Solved – How to report RMSE of Lasso using glmnet in R

glmnetlassomsepredictionpredictive-models

So I'm confused about reporting RMSE (root mean squared error) as a metric of model accuracy when using glmnet.

Specifically, do I report the RMSE of the model itself (i.e., how it performs with the training data used to create it) or do I report the RMSE of the model's performance with new data (aka test data)? …Or both?

I guess I'm also confused as to whether the cross validation performed by the cv.glmnet function (see below) is all I need for predicting model accuracy and whether an additional test of the data on a separate tests data set is even necessary? …


Context:

When I run cv.glmnet, the cross validation version of the glmnet function in R, it produces a graph showing the MSE (mean squared error) of various iterations of the model given varying values of lambda (the "regularization parameter").

glmnet lambda vs. MSE

The MSE values are stored under $cvm.

Now, I can take the square root of the MSE of any of the CV-iterated models to calculate RMSE.

  • In my case, I choose to go with the one standard error rule and choose "lambda.1se" (associated with the dotted line above), producing sqrt(mod$cvm[mod$lambda == mod$lambda.1se]).

HOWEVER…

Is this RMSE value even interesting to me?
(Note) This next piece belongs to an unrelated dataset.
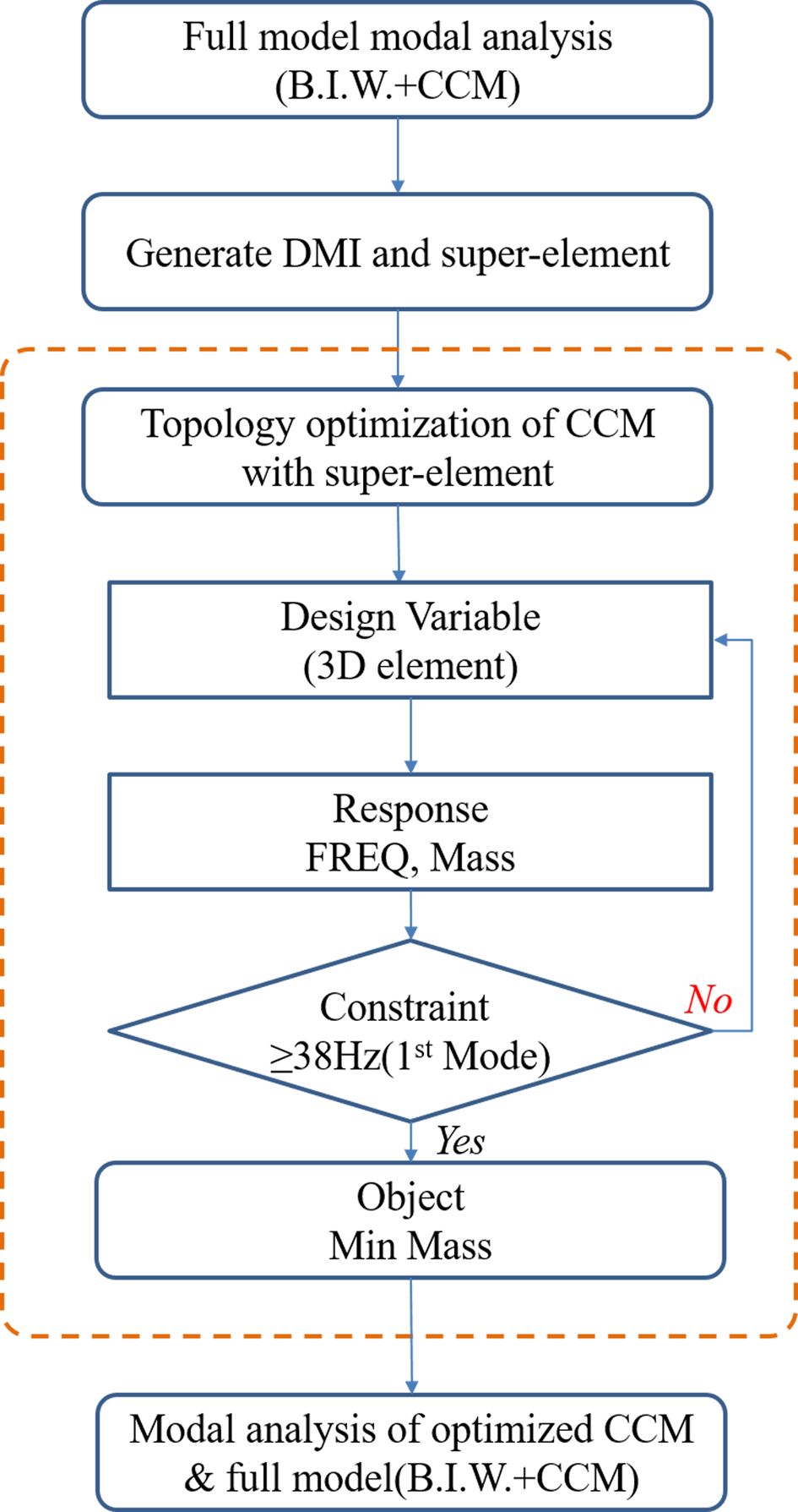 Keywords: : DMI (Direct matrix input), Craig-Bampton nodal method, Topology optimization, Super-element, NVH (Noise, vibration and harshness), Multi-material

I assume I should instead report the RMSE of the model when used to predict new values for my test data.

  • Is this true?

  • If so, is the best way to do this simply to calculate new values using predict and then compare them to the actual values from the test data using the following equation?

RMSE equation

Am I thinking about all this correctly??


As a follow up:

How do I approach calculating and reporting RMSE if I lack a test data set and instead have to use cross-validation of my available data?

  • Is that cross-validation procedure separate from the one performed in the cv.glmnet function?

Best Answer

Specifically, do I report the RMSE of the model itself (i.e., how it performs with the training data used to create it) or do I report the RMSE of the model's performance with new data (aka test data)? ...Or both?

These are called training error and test error, respectively. It's useful to report both, but test error is more important, presuming your interest is in the predictive accuracy of the model. Training error is, in general, an optimistically biased estimate of true error for the entire population, because of overfitting.

If so, is the best way to do this simply to calculate new values using predict and then compare them to the actual values from the test data using the following equation?

Yes.

How do I approach calculating and reporting RMSE if I lack a tet data set and instead have to use cross-validation of my availabel data?

Pretty much the same way. The catch is that you also need to use cross-validation to choose the lasso penalty. The way to handle this is to use nested cross-validation—that is, inside each fold of the cross-validation loop, do more cross-validation loops on the training part to choose the lasso penalty.